Getting beyond woeful: my submission to the PC’s inquiry on Intellectual Property

From a quick squiz at their report, the PC seems to have done an excellent job on the question of IP. It didn’t put too much effort distorting its recommendations to somehow second guess what was politically palatable and just set out the appropriate principles and their upshot.

Without having read it all carefully, I looked at the couple of chapters which had something sustained to say about our international circumstances – the way in which we’ve agreed to hem ourselves in by agreeing to all sorts of patently outrageous claims – most obviously the retrospective extension of IP which, axiomatically can only have costs, since you increasing the incentives to bring something that’s already with us can’t increase its chances of being brought into existence (it already has been). And I thought they were a bit lame. I thought they were lame because they didn’t point out how consistent a disgrace the Department of Foreign Affairs and Trade has been to the Australian national interest on this point. As it showed in its hearings before the inquiry I was on into Pharmaceutical Patent Extensions, it hadn’t the slightest glimmering of what might be in the Australian interest, other than arguing in the first instance that we didn’t want to change any of the laws we already had. This came out when I asked them some very open ended questions in the inquiry. I asked them a very low key open ended question – what their objectives were when they were negotiating on IP and they became completely incoherent. They consulted with all and then kind of, well represented what they’d heard. What if they heard different things from different Australian interests. That pretty much stumped them.

Anyway the PC gets the basic principles right, but in an attempt to stiffen their spine on this point I wrote the following introductory letter to introduce a document I penned a few years ago trying to engage firms like Google, Facebook and other internet companies that fancy they don’t want to do evil. I even know some quite senior people in those companies in the Bay Area – including Google Chief Economist Hal Varian. But, not surprisingly for something I didn’t turn into a full time crusade, it didn’t go anywhere. In any event the introductory letter I penned to the Commission is below and the document “An international agenda for balanced IP” appears below the fold.

Saturday, 28 May 2016

To whom it may concern,

Attached is a document drafted some years ago, which I nevertheless hope will be of some interest and use to the Commission in its current labours to more fully inform debate about IP in Australia. The immediate context in which it was written meant that it addressed providers of the digital infrastructure for the internet. But the principles to which it appeals are far more general.
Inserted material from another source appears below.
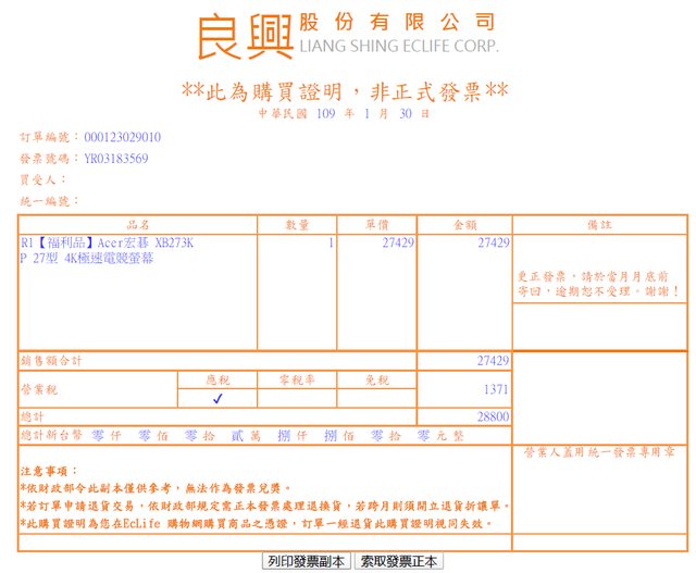 2. 2020/1/30良興購入,購入時為拆封福利品,但購入時幾乎全新且功能正常
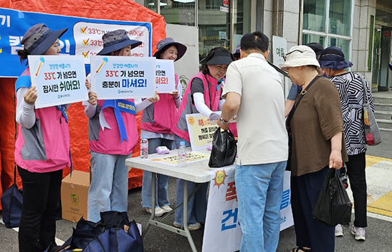 ‘건강한 여름나기’를 주제로 한 이번 캠페인에서는 ‘33℃가 넘으면 잠시만 쉬어요!’, ‘33℃가 넘으면 충분히 마셔요!’, ‘33℃가 넘으면 이웃을 살펴요!’라는 행정안전부의 수칙과 ‘부모님께 안부 전화하기’, ‘폭염 시 이웃 살피기’와 더불어 폭염 대비 건강 수칙인 물 자주 마시기, 시원하게 지내기, 더운 시간대에는 휴식하기 등의 내용을 담은 홍보물과 피켓을 활용해 홍보를 진행했다.

There appear few countervailing forces to IP mercantilism and yet it should be possible to make headway by more vigorously and self-consciously promoting the interests of all those who stand to benefit, whether they realise it or not, from resisting it. Using transparency as a weapon against the siren song of mercantilism – which as Adam Smith observed works by misleading the public into believing that their own interests coincide with the sectoral interests of a powerful minority – is part of the founding myth of the Commission.

In that spirit I am hoping that the Commission might help Australia vigorously identify its own strategic interests in resisting the more outrageous demands of the IP mercantilists, and build institutions more capable of promoting greater understanding of the issues amongst Australia’s policy and opinion makers. Further, in the spirit of its success with the Cairns group of agricultural exporters, Australia should lead the formation of a group of countries who identify their interests not with mercantilism but with policies designed to optimise national economic interests, most particularly where those policies also promote the global economic interest.

I’d be happy to appear before the Commission on this subject should it wish.

Regards,

Nicholas Gruen

An international agenda for balanced IP

Background

The political economy of intellectual property is broken.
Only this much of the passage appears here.